- Church: Catholic Church
- Diocese: Diocese of Elphin
- In office: 19 July 1950 – 9 November 1970
- Predecessor: Edward Doorly
- Successor: Dominic Joseph Conway

Orders
- Ordination: 17 June 1923
- Consecration: 24 September 1950 by Joseph Walsh

Personal details
- Born: 22 April 1899 Ardnagowna, Elphin, County Roscommon, United Kingdom of Great Britain and Ireland
- Died: 9 November 1970 (aged 71)

= Vincent Hanly =

Irish Roman Catholic clergyman

Vincent Hanly (22 April 1899 – 9 November 1970) was an Irish Roman Catholic clergyman who served as the Bishop of Elphin from 1950 to 1970.
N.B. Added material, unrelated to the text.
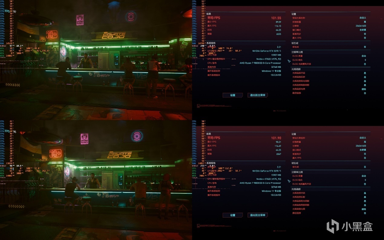▼接着是大型3A遊戲,賽博朋克2077,2K分辨率,光追超級畫質,“拼好幀”關閉,默認情況下,整體的平均遊戲幀數在101.55幀左右,PBO2後,整體的平均遊戲幀在101.9幀左右。

He studied for the priesthood at Maynooth College and was ordained a priest for service in the Diocese of Elphin on 17 June 1923 and continued his studies at the college for two further years to gain an STL. In 1925 joined the teaching staff of Summerhill College but very soon was appointed to Sligo parish as a curate and secretary to his predecessor Bishop Doorly. In 1930 he returned to Summerhill College as Professor of Mathematics and Latin.

He became vice-president of the college in 1939 and Chancellor of the diocese, transferring five years later to serve as Administrator of Sligo Cathedral. He was responsible for the introduction of the Legion of Mary into Sligo.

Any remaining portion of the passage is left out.